What to work on | Reproduce the data below exactly. Skip the pictures.

Information supplied |
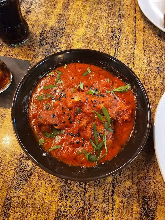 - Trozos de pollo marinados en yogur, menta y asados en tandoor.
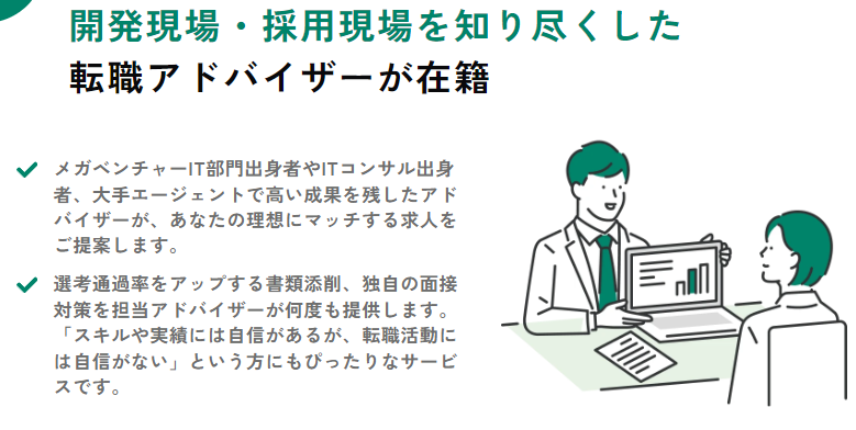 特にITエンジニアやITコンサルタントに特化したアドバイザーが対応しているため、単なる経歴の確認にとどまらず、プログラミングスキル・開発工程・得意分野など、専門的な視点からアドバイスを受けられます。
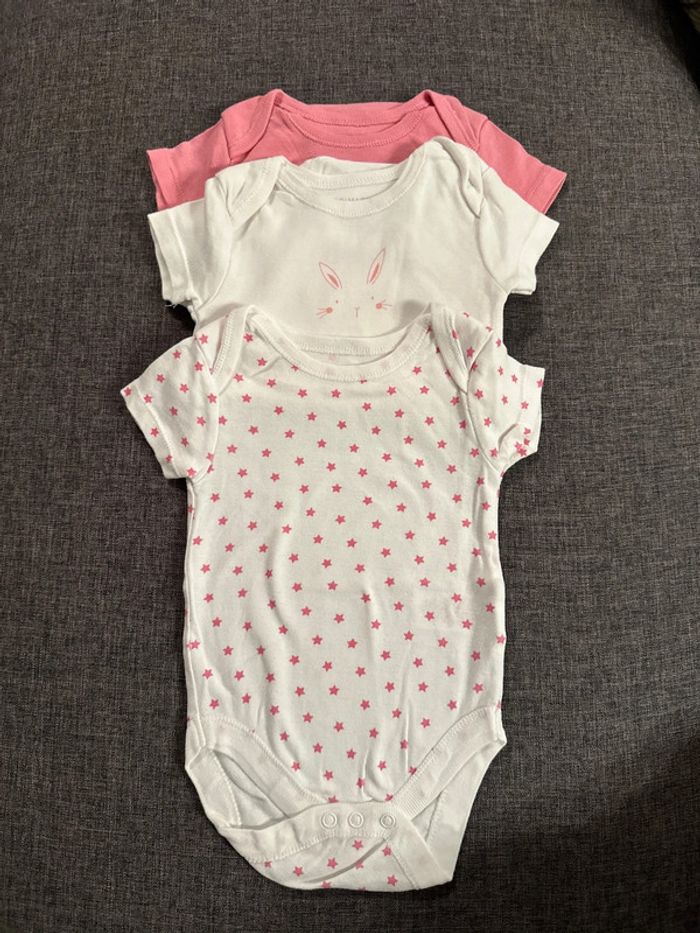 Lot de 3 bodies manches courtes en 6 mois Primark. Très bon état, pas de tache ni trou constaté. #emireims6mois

Solution below |
 - Trozos de pollo marinados en yogur, menta y asados en tandoor.
 特にITエンジニアやITコンサルタントに特化したアドバイザーが対応しているため、単なる経歴の確認にとどまらず、プログラミングスキル・開発工程・得意分野など、専門的な視点からアドバイスを受けられます。
 Lot de 3 bodies manches courtes en 6 mois Primark. Très bon état, pas de tache ni trou constaté. #emireims6mois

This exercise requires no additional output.